Они оказались в широком полупустом зале. Бетти в восхищении замер. Посреди помещения рос гигантский дуб. Из-под его корней текла серебряная река, пропадавшая в свете арки, ведущей к следующему залу; корни образовывали мосты. На мощных ветвях древа, среди острой листвы, висели сферы. Задержав взгляд на одной из них, Бетти понял, что под хрупкостью каждой скрывается вселенная. Это удивило и огорчило его. Как, оказывается, беззащитно мироздание… Судьбы тысяч людей хранил какой-то шар, дрожащий от чужого дыхания. В этом состояло его сходство с человеком.
Майриора не интересовали открывшиеся красоты. Он буквально пробежал по серебристой реке и оказался у каменного стола с одинокой сферой, хранившейся в облаке света. Впрочем, подойдя ближе, Бетельгейз понял, что она была не одна. Два спаренных мира кружились вокруг невидимой точки. Голубые и бежевые переливы боролись друг с другом – когда рядом оказался Майриор, первый окончательно затмил второй.
– Это Мосант, мой мир, – объяснил отец, останавливая голубую сферу ладонью. Кольца на его пальцах завибрировали. – Правда, красивая? Вторая называется Вселенной, она не стоит внимания.

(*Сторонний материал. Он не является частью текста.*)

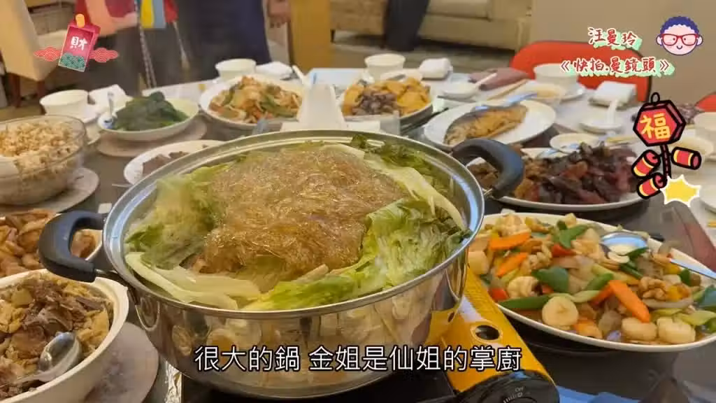 而晚飯的安排,汪曼玲曾說:「大年初一定有佛跳牆,是由仙姐的掌廚金姐親自炮製,有好多魚翅、鮑魚,還會有羅漢齋,下晝就一定會有茶點,金姐會安排馬蹄糕、蘿蔔糕和年糕等等。」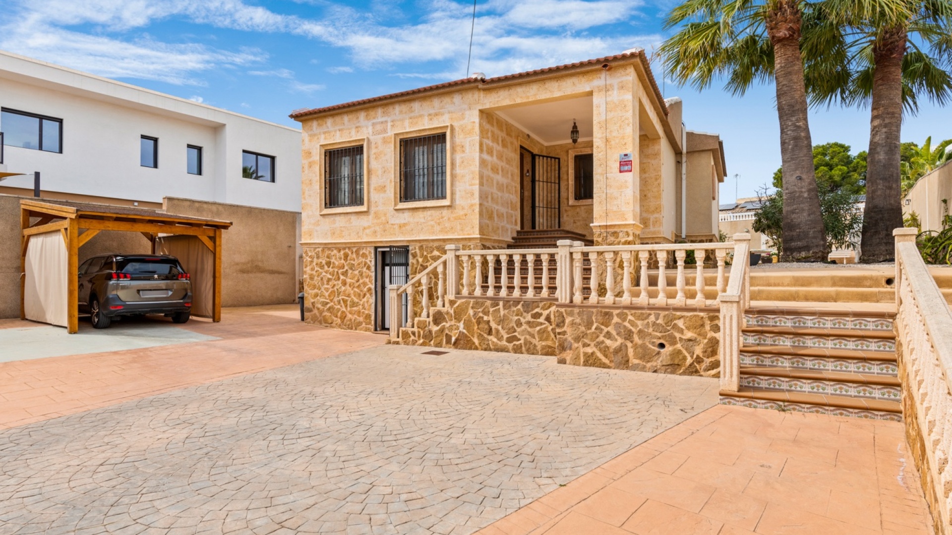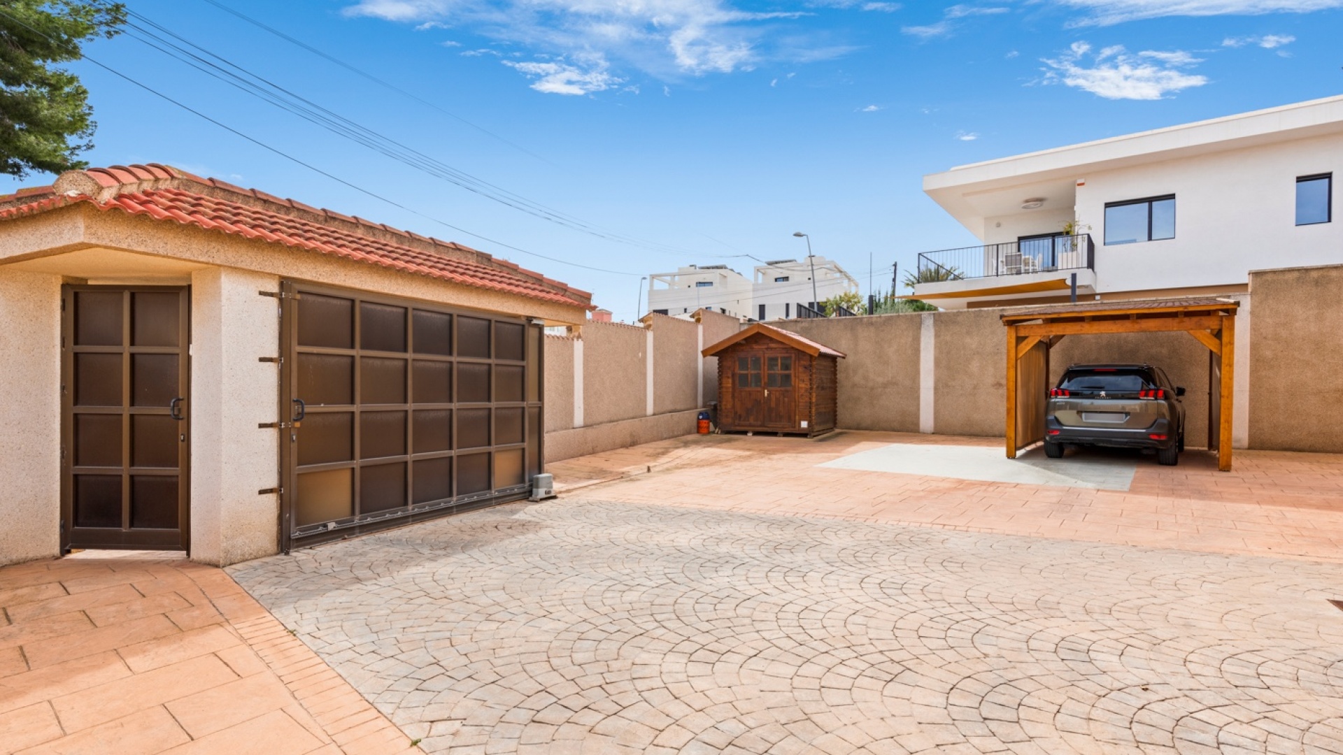 Mysigt och rymligt hem med en idealisk planlösning för komfort och avskildhet. Entréplanet har två sovrum, varav det ena har eget badrum, dusch, luftkonditionering och takfläkt, tillsammans med ett extra enkelrum. Det finns också ett badrum med dusch för gästerna. Det stora vardagsrummet med matplats, luftkonditionering, takfläkt och radiator skapar en bekväm och ljus atmosfär. Det fristående köket, helt renoverat, är utrustat med nya vitvaror och har direkt tillgång till verandan, där en imponerande, stor pool (10x5) ligger, omgiven av vidsträckta ytor perfekta för att njuta av utomhus. På nedre våningen når du den från utsidan eller via den inre trappan som förbinder båda nivåerna. Denna våning erbjuder ett öppet rum med två enkelsängar, stora garderober och på baksidan ett sovrum med dubbelsäng. Det finns även ett separat badrum med dusch och ett förråd. Husets exteriör är omgiven av en vacker trädgård och en veranda med ett bord för uteservering. Poolen med dusch erbjuder avskildhet och lugn. Fastigheten har tillräckligt med utrymme för tre bilar, samt automatiska grindar för extra bekvämlighet och säkerhet. Perfekt för att njuta av familjens eller vänners tid. Beläget bara några minuter från Parque de los Balcones, som har olika sportfaciliteter och en hundpark, har detta hem ett utmärkt läge. Dessutom är det mycket nära ett köpcentrum med restauranger, stormarknader och andra tjänster, vilket ger komfort och bekvämlighet för det dagliga livet. Perfekt för dem som söker ett lugnt hem men välanslutna.

Бетельгейз опустил лучистый взор в покрывало облаков.
– Такие милые зверюшки, – проговорил он. – И какие восхитительные виды. Столько загадок, а сколько боли и желчи… Она красива в той же мере, в какой опасна. Я чувствую страдания… В нем нет ничего хорошего, только корысть и несправедливость. Их не любят, за ними наблюдают, как за животными в клетке. Им не дают шанса. Никто не думает о другом.
Ему пришлось замолчать. Отец вдруг поднял глаза на него – в когда-то беззаботном голубом цвете, в точности повторявшем поверхность сферы, восстала неприязнь, которую Бетельгейз не встречал даже в дяде. Бетти понял, что задел некую струну души, которую не стоило задевать. Один из миров внизу всколыхнулся, и его небеса забурлили.
– Я даю шанс, – медленно, будто обращаясь к недоразвитому, произнес Майриор. – Относительно каждого у меня свой замысел, но человек волен выбирать. Не моя вина, что большинство выбирает более легкий путь. Любое явление идет по пути наименьшего сопротивления. Это неизбежно. Я бы даже сказал, что это закон. Те, кто поступают иначе, выживают редко.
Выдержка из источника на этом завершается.